“Can’t be all that smart, talkin’ to a man like you.”
Cooper laughed. He stopped laughing and said, “Clarenze?”
“What.”
“Just don’t want any misunderstanding here. If this is some kind of setup—”
“It ain’t no setup.”
“If it is . I’m gonna pay a visit to your little girl — or someone I know will — and believe me, we gonna party down.”
“Nine-thirty tonight,” said Tate. “The fireworks’ll be gettin’ off by then.”
“Nine-thirty,” said Cooper. “Tell Trouble Man I’ll be there.”
Cooper racked the receiver. He went over to the bed and shook Clagget’s bony shoulder.
“B.R. B.R., wake up.”
Clagget rolled over on his back, exhaled slowly, opened his eyes. His breath was sour and held the promise of death.
“What, Wilton?”
“Rise and shine, little brother. We goin’ out.”
“Marcus.”
“Yeah.”
“It’s Clarence Tate.”
Clay put his hand over the phone, looked toward the bathroom where Elaine was showering. The bathroom door was ajar, and Clay lowered his voice.
“Talk about it.”
“I set it up,” said Tate. “They’ll be on the roof of Meridian at nine-thirty. If they’re smart, they’ll be there sooner, and if you’re smart you’ll be there sooner than that.”
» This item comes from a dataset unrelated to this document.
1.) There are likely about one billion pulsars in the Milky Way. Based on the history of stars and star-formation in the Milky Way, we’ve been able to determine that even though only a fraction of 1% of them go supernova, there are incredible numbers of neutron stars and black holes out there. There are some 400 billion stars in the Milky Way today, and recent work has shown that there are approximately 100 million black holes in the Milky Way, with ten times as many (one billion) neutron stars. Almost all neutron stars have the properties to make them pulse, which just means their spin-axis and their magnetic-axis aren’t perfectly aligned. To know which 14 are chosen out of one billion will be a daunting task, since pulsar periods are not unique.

“I hear you. Anything I need to know?”
“Like I told you before, the white boy is sick with something. Weak. That’s Cooper’s Mary, so I figure Cooper will stick with him. Most likely the two of them will use the elevator, then take the stairs the rest of the way. The elevator’s slow—”
“You told me.”
“All right. Take some chain cutters. They got the door to the roof padlocked.”
“Okay. Anything else?”
“He talked about my daughter again on the phone.”
“Relax.”
“Kill him,” said Tate.
“That’s the idea.”
“And after you kill him, kill him again.”
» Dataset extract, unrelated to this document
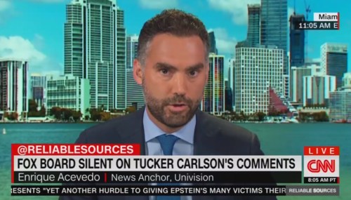 The liberal media’s narrative that President Trump was somehow responsible for the mass shooting in El Paso last weekend has apparently expanded to also include Fox News. According to Univision anchor Enrique Acevedo, during an appearance on CNN’s so-called “Reliable Sources”, Trump and Fox News host Tucker Carlson were responsible for rhetoric “transcending into violence, into bullets”, and into…

“Better get ahold of your shit, Clarence.”
“I can’t help it, man. I want that devil out of my world.”
Clay said, “I’m gonna do the best I can.”
The shower stopped running. Clay hung up the phone. Elaine came from the bathroom wrapped in a towel. Clay stared at her as she went and stood before her mirror, rubbing lotion on her arms. She saw him in the reflection, his eyes still on her, and she turned to face him.
“What’s wrong with you, Marcus?”
“Nothing, baby,” said Clay, trying to smile. “You’re just so goddamn beautiful, that’s all.”
Dimitri Karras felt strange, sitting in his favorite chair. Over the years, the seat cushion had conformed to his body, but this evening it was hard for him to find comfort there. The room was hot, and there was too much noise coming up from the street.
He moved to the couch, cleaned some pot in the overturned top of a shoe box, filled the bowl of the bong. He lit a match but did not put fire to the weed. He watched the flame burn down until it reached his fingers, blew the match out. He studied the smoke rising off the match.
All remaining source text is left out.